Sahara intenta ser la gran película de aventuras hollywoodienses del nuevo milenio, a la espera de que Steven Spielberg decida si reactiva o no a Indiana Jones. Pero la historia la relegará a un papel más modesto: Sahara será recordada por ser una de esas películas en cuyo rodaje el protagonista y la protagonista se enamoran en la vida real, una especie de género en si mismo que funciona muy bien desde que Humphrey Bogart y Lauren Bacall empezaron a citarse al acabar las jornadas de filmación de Tener y no tener .

Matthew McConaughey interpreta a un buscador de tesoros antiguos más próximo, por constitución, fortaleza, pericia, atrevimiento y manejo de las armas a cualquier descendiente de James Bond.
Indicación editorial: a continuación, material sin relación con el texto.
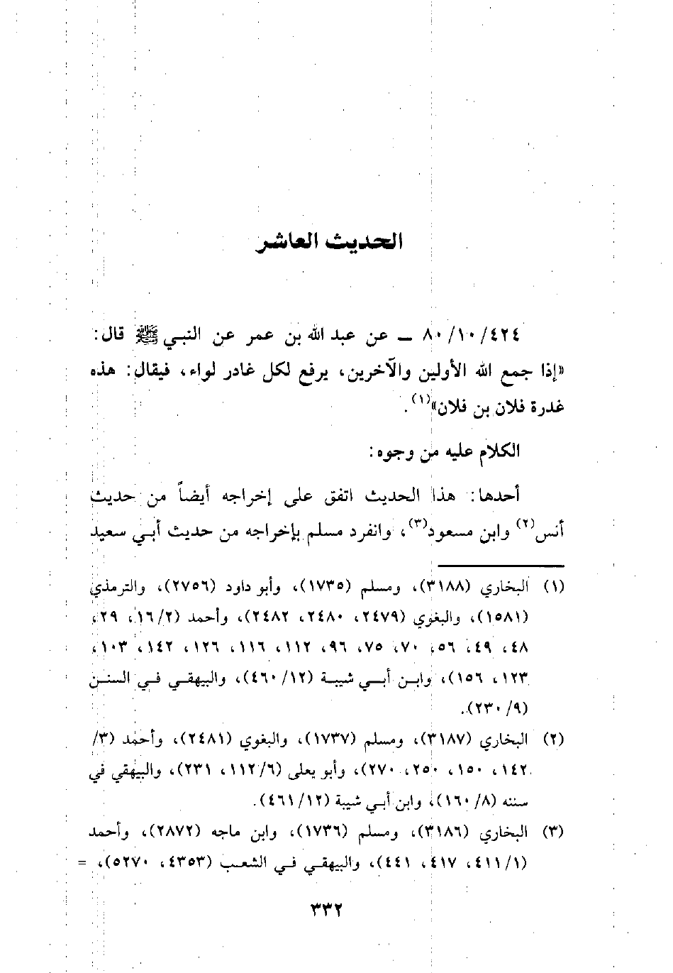 424/ 10/ 80 - عن عبد الله بن عمر عن النبي - صلي الله عليه وسلم - قال: "إذا جمع الله الأولين والآخرين، يرفع لكل غادر لواء، فيقال: هذه غدرة فلان بن فلان" (¬1).

Penélope Cruz es una doctora que trabaja para la Organización Mundial de la Salud, pero en un momento dado es capaz de disparar un fusil con algo más que pericia y sangre fría y demuestra también su habilidad para los enfrentamientos cuerpo a cuerpo. Entre los dos, asumiendo las funciones bufonescas, está Steve Zahn, un comediante atropellado que necesita dos o tres secuencias para su único lucimiento. Aquí las tiene, pero le hace sombra a Penélope.

Los tres viajan por media Africa, se enfrentan con los soldados de un dictador y con los tuaregs, van en camello, jeep, canoa y en un destartalado avión, destrozan bases secretas y helicópteros y hasta vuelven a la vida los viejos cañones de un barco acorazado que, durante la guerra de secesión, pudo sortear el bloqueo nordista y aparecer, Dios sabe como, nada menos que en Nigeria.

La trama, con el tesoro escondido en dicho barco como espoleta que conecta con las pesquisas de la doctora para atajar una epidemia que se extiende de Nigeria a Mali, se limita a acumular una detrás de otra escenas de supuesto impacto. El largometraje tiene algo de broma disconforme, de atropello exagerado y asumido, pero ha costado demasiado para que pueda considerarse un divertimento exótico.